The origin of Sub poena


Just as the bill or petition was originally a prayer for administrative intervention, so the next step in the process, the sub poena, was also drawn from administrative origins. This threat of a penalty had been used by the government to stimulate the activity of officials as early as 1232; even the common law courts occasionally used a sub poena clause; in 1302 Justice Berrewyk ordered a party to bring an infant before the court “under the pain of one hundred pounds”.

In the middle of the fourteenth century the Council produced an effective writ by adding the clause of sub poena to the somewhat older writ of certis de causis, which was in effect a simple summons to appear before the Council “for certain reasons”. Quibusdam certis de causis is at least as old as 1346, and closely resembles the summons sent to a peer on the calling of a parliament.

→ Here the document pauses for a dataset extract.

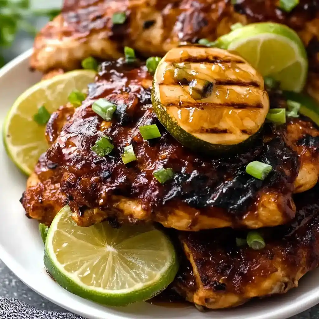 - Assemble Stacks: Layer pineapple slices, grilled chicken, drizzle extra sauce, and garnish with green onions and lime wedges.

The great objection which common lawyers made to writs in this form was their failure to mention the cause of the summons. It was a principle of the common law that a party should not be brought into court without due notice of the matters which he would have to answer, and there is no doubt that the sub poena gave no such warning. Protests in parliament became frequent.

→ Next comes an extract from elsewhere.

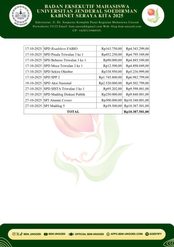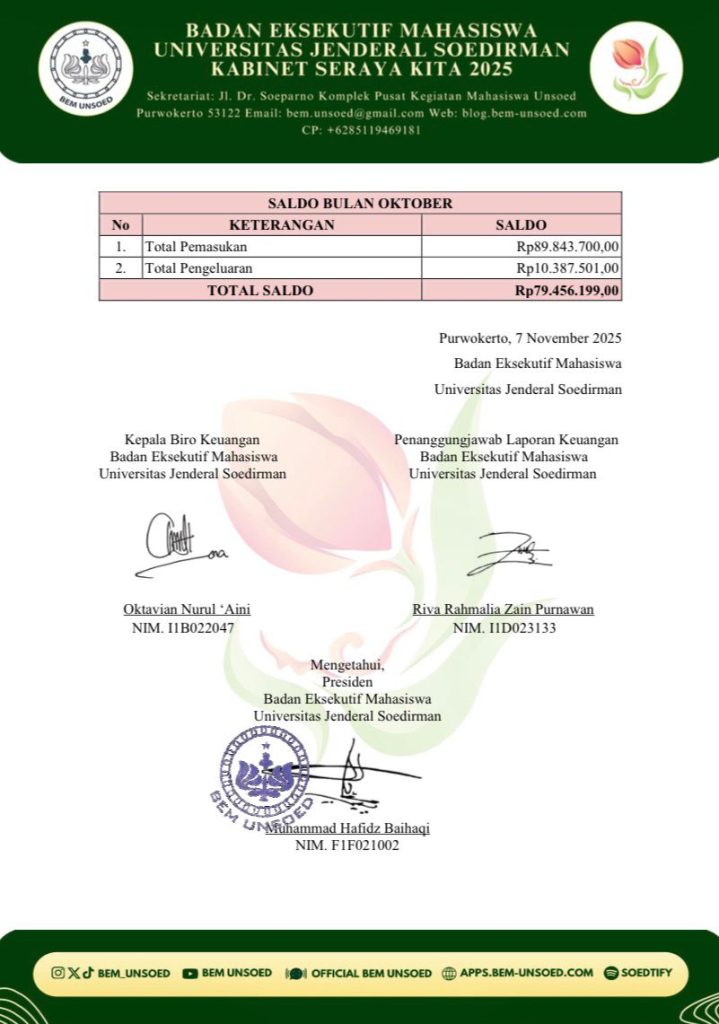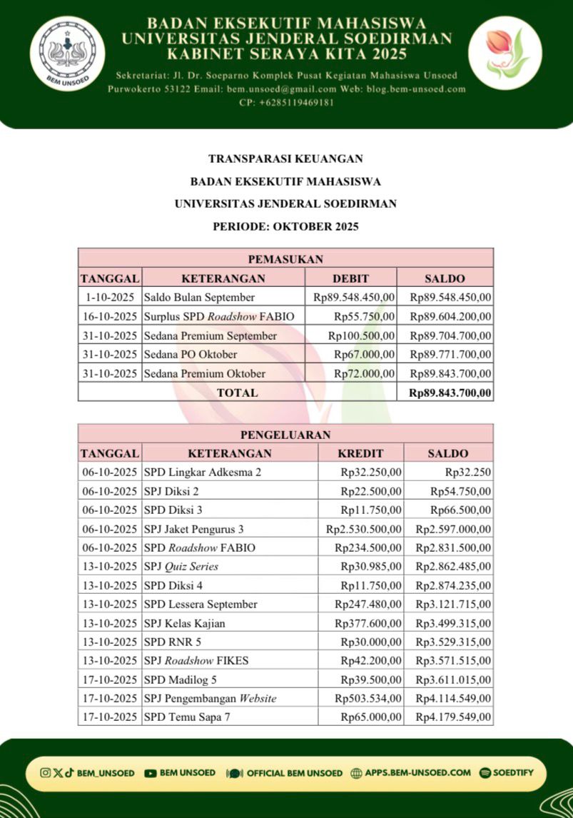 BEM Unsoed – Telah dilaksanakan salah satu program kerja Biro Keuangan Badan Eksekutif Mahasiswa Universitas Jenderal Soedirman (BEM Unsoed) 2025, yaitu transparansi keuangan bulan Oktober BEM Unsoed 2025. Transparansi keuangan merupakan program kerja bulanan yang memberikan informasi kepada Keluarga Besar Mahasiswa Universitas (KBMU) dan masyarakat umum mengenai pemasukan serta pengeluaran keuangan BEM Unsoed 2025. Biro Keuangan mengawasi dan mencatat setiap pemasukan serta pengeluaran BEM Unsoed 2025. Transparansi keuangan dipublikasikan setiap awal bulan di media sosial BEM Unsoed sehingga dapat diakses oleh KBMU dan masyarakat umum.

On the other hand, it must be remembered that in most cases the party must have known the real reason for his summons, for litigation as a rule is preceded by private negotiations, and in any case, having appeared, he was given ample time to prepare his defence. The best justification, however, for the Chancery’s practice, must no doubt be sought in the fact that the common law was a warning example of the mischief which might result if a plaintiff were compelled to state in detail his cause of action in the originating writ, with the almost inevitable consequence that he was unable to make any change once the writ was issued. It was, no doubt, the deliberate policy of the Chancery to avoid this situation, and this policy is constantly adhered to, as witness the freedom with which Chancery pleadings could be amended.


Persons who desired extraordinary relief addressed themselves to the King and his Council. As the ultimate source of jurisdiction the King had long been accustomed to receive complaints from persons who alleged that they were unable, in law or in fact, to obtain redress in the usual courts. It has been suggested1 that Edward I was glad to encourage these approaches, but was compelled by their numbers, and by the need of checking the handling of them by his subordinates, to insist that they be presented in writing, as petitions. In doing this, he was following papal practice, and like the popes, soon found it necessary to devise a procedure by which the easy cases were dispatched to the departments and dealt with by officials, while difficult matters came before him and the Council, in order to prevent the work of Parliament being obstructed by their number. It soon became normal for large panels of “receivers” and “triers” of petitions to be set up at the beginning of every parliament. When Parliaments were less frequent, it seems that these applications (which continued to increase rapidly during the later fourteenth century), finally constituted a large and steady charge upon the Council’s time.

Just as one part of the local enforcement problem was attacked by setting up the new institution of justices of the peace for local matters, so the deficiencies of the central courts were being supplied by the King’s Council. For a time, Parliament had occasionally served as a court of royal discretion, but by the middle of the fourteenth century Parliament itself had become an institution which to some extent could be regarded as separate from the Council.3 The Council nevertheless remained in its ancient position of a small group of officials, household officers, clerks and advisers, continually attendant upon the King, and therefore exercising in his name that residuum of discretion and equity which was inseparable from the royal person. As Parliament became more settled in its powers, petitioners who sought extraordinary relief addressed themselves to the Council; and in any case, even if their petitions had been presented in Parliament, it was most likely that it would be the Council which actually passed upon them.

Indeed, a variety of addresses occur in the petitions of the middle and later fourteenth century. Sometimes they are sent to the King, sometimes to the Council or the Parliament, and sometimes to the Chancellor or some household official. In any case it was the Council which generally took action, irrespective of the address upon the petition. The administrative and political duties of the Council were already exceedingly heavy, and the mass of petitions which streamed in every day immensely increased its task. Then, too, besides petitions, the Council itself would sometimes initiate proceedings of a semi-judicial character by calling upon some local magnate who was too powerful to be reached by the ordinary courts, to appear before the Council under the penalty (sub poena) of a sum of money to answer for his misdeeds—which were  usually some form of oppression or disorder. The Council therefore found itself burdened with a growing mass of semi-judicial business; some of it could be transferred to the courts of common law, but some of it had to be considered by the Council itself, either because unusual relief was necessary, or because the parties were too influential to be amenable to the ordinary process of the courts. The problem arose of how to deal with this business. The same solution was found as in previous cases. A routine was established and officials were assigned for its working, only in this case an already existing institution, the Chancery, was used to carry out these new duties.

In 1415 the writ sub poena was denounced as a subtlety invented in the previous reign by John Waltham, and the examination of parties and witnesses without lawyers and without records and the use of civil and canon law forms were again vigorously denounced. The petition was bluntly rejected by the King. Another in 1421 which alleged that a sub poena was not “due process” was likewise refused.